Former US secretary of state Madeline Albright while endorsing Hillary Clinton, went so far to say, “There’s a special place in hell for women who don’t help each other!”  There was this comment in twitter and this article in Women’sweb both echoing the often repeated sentiment about women not helping other women. At the risk of generalizing, I have mostly found women more collaborative, and inclusive.  I believe, with no empirical data I must admit, that women would be somewhat uncomfortable at the idea of getting ahead by betraying the sisterhood, er… by betraying anyone.  So I wondered where this view came from - that women are each other’s worst enemies. That somehow, we don’t look out for each other as much as men, or any other fraternity.

Historically, this could have been because in the past most of women’s achievements were in the context of a man - father, son, husband, lover, captor... and there was no incentive to group together, there weren't a lot of opportunities to build nations or enterprises. But then that begs the question, are we still viewing everything in the context of the men in our lives? Why are women still not helping each other, if indeed they are not?

Perhaps over the centuries, women have not belonged to groups enough to believe in the idea of fraternities. Like soldiers banding together and standing together, sometime at great cost. Let’s face it, that might not be a bad thing after all. But this could mean every opportunity to help another woman stands on its own merit and our sense of identity outside the gender, moral values, and worldview takes precedence and trumps notions of sisterhood. Sharing XX chromosomes is not strong enough a bond.

For example, when another woman sufficiently deviates from our notions of propriety, we are not kinder, are not helpful and worse are critical and antagonistic. Like towards those women who wear tight or skimpy clothing, who are bikers or those who choose to remain single or childless. Like when we don’t think it is incumbent upon us to smooth the path for women following us, be it through sharing a word of wisdom or helping someone with a job opportunity.

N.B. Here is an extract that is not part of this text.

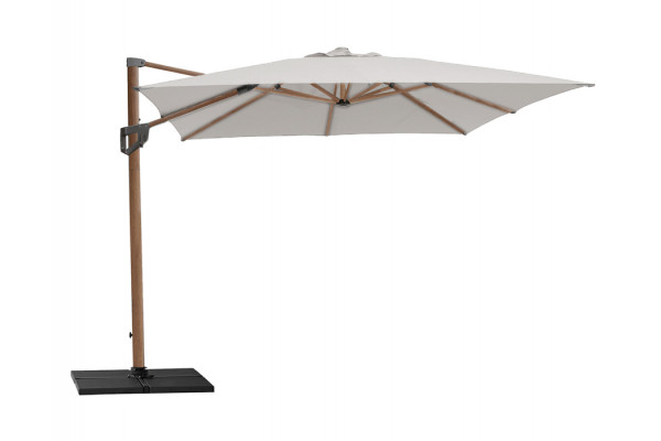 Superlækker Hyde hængeparasol med stel i aluminium med folie med trælook. Dugen er fremstillet af langtidsholdbart og UV-resistent materiale i farven Dusty white.

The thing though, while we might not have fully caught on to the feeling of solidarity yet, just glancing through news items from across the world shows we are being subject to sufficiently similar experiences irrespective of say geography or race. Women in the workforce, women entering into arenas that are traditionally male bastions, women trying to balance or even understand their traditional role in the context of new opportunities are undergoing common experiences, slowly forging a common identity.

Voices that are imploring women to help other women are essentially alerting us to examine our role in this world. They are not necessarily calls for preferential treatment that is unfair or unreasonable.  They are just timely reminders to us to acknowledge this identity, if not above, at the same importance as others. And that after acknowledgement comes responsibility.

This long article is worth reading; but if you don't have the time, the last line says it all.

P.S : Irrespective of the perception or reality of women not helping others, I for one wouldn’t be where I am today if not for the help that I have received from other women. I am grateful for that and I hope to repay that debt.